Task inputs Start Marker

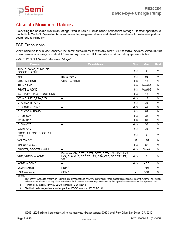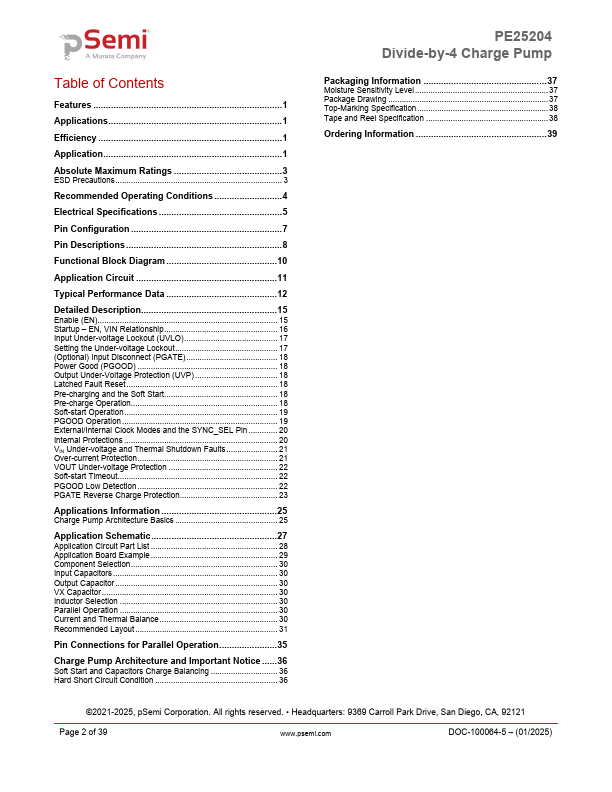 The PE25204 is an ultra-high efficiency charge pump solution that divides down an input voltage by 4 and delivers up to 72W output at up to 96.8% peak efficiency. The PE25204 can also be used in parallel to increase output power. The PE25204 supports an input voltage range of 18V to 60V in divide-by-4 operation. It is available in a WLCSP package measuring 3.6 x 5.8 mm.
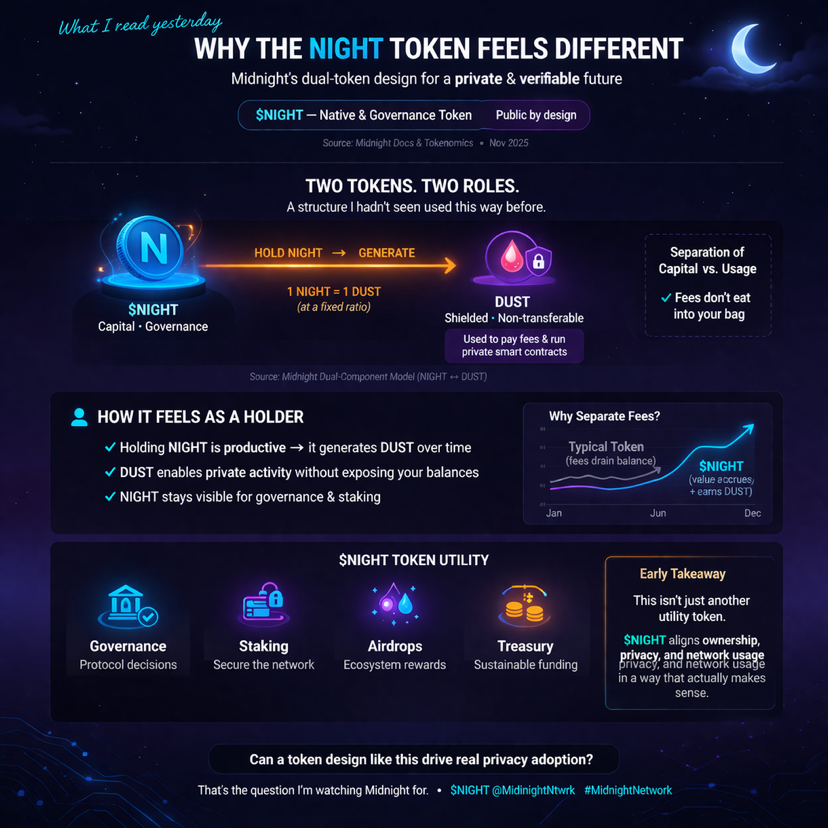 Gestern habe ich etwas Zeit damit verbracht, über Midnight zu lesen, und was mir im Gedächtnis geblieben ist, war nicht nur die Erzählung über Privatsphäre. Es war das Token-Design dahinter. Viele Krypto-Token fühlen sich leicht zu erklären an: Sie sind hauptsächlich für Gas, Spekulation oder Governance. NIGHT fühlte sich für mich nicht so einfach an. Midnight beschreibt NIGHT als das ungeschützte native und Governance-Token des Netzwerks, während DUST die geschützte, nicht übertragbare Ressource ist, die zur Durchführung von Transaktionen und der Ausführung von Smart Contracts verwendet wird. Diese Trennung ließ das gesamte System sofort viel überlegter erscheinen.
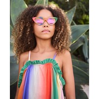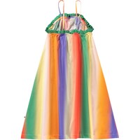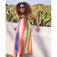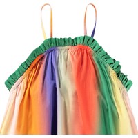 Regnbuefarvet løs kjole i økologisk bomuld. Kjolen går til midt på skinnebenet, har tynde stropper, dyb ryg samt en fin flæsekant. Kjolens materiale er let og luftigt og er ideel til poolen eller stranden.
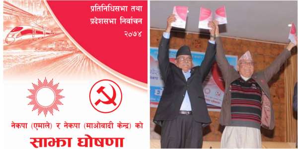 काठमाडौं । एमाले र माओवादीले आगामी ५ वर्षमा गर्ने काम समेटेर गठबन्धनको चुनावी घोषणापत्र सार्वजनिक गरेका छन् । घोषणापत्रमा ५ वर्ष भित्र पूर्वपञ्चिम राजमार्गको समानान्तर विद्युतीय रेलमार्ग देखि रसुवागढी काठमाडौं, पोखरा र लुम्बिनीलाई रेलमार्गले जोड्ने प्रण गरिएको छ ।
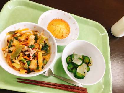 今日はキムチうどんです。キムチって便利な食材ですね。そのまま食べてもよし、鍋やうどん、チャーハンに入れても美味しいです。
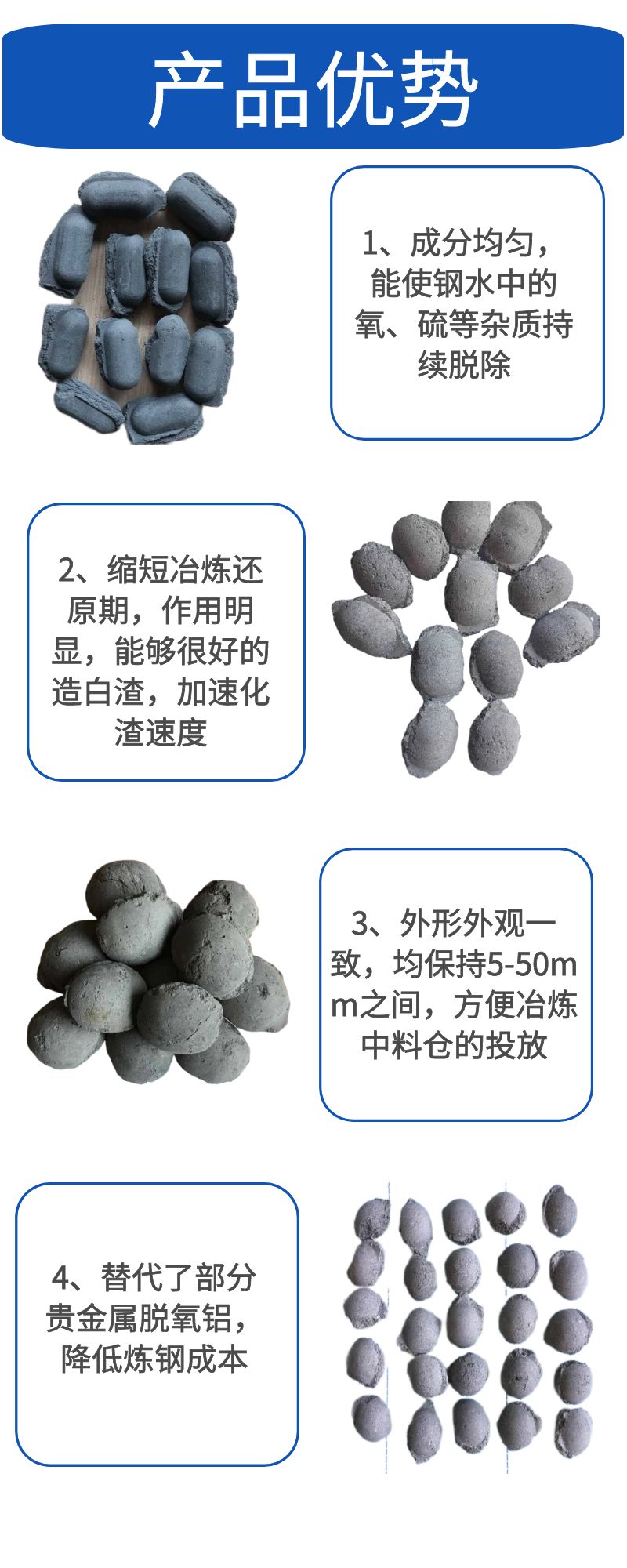 作用 | 精炼造白渣 钢水脱氧 | ||
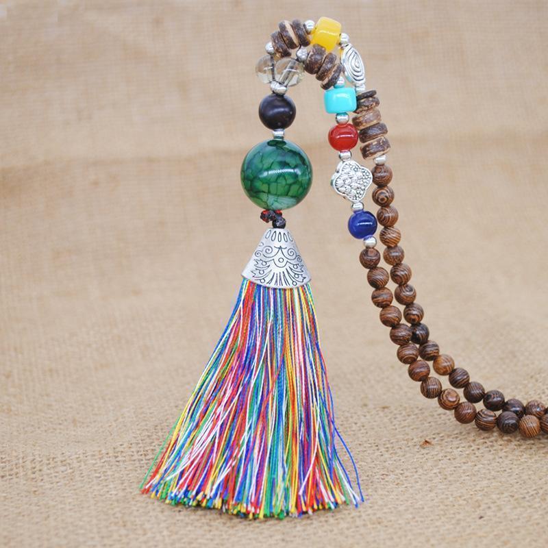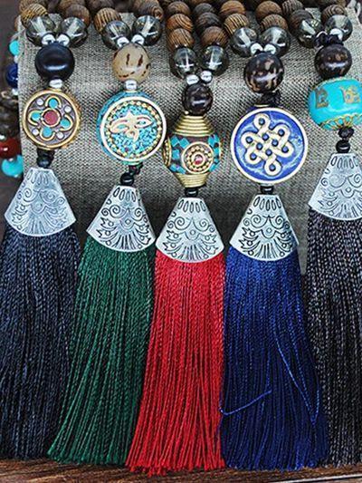 Literary Tassel Necklace Original Beaded Sweater Chain Hemp Cotton Accessories Ethnic Nepal Pendant

Task inputs End Marker

(Activity):
Leaving the pictures aside, copy exactly and only the lines from the one holding "今日はキムチうどんです。キム" through the final line of the data, both ends kept.

(Solved exercise):
 今日はキムチうどんです。キムチって便利な食材ですね。そのまま食べてもよし、鍋やうどん、チャーハンに入れても美味しいです。
 作用 | 精炼造白渣 钢水脱氧 | ||
 Literary Tassel Necklace Original Beaded Sweater Chain Hemp Cotton Accessories Ethnic Nepal Pendant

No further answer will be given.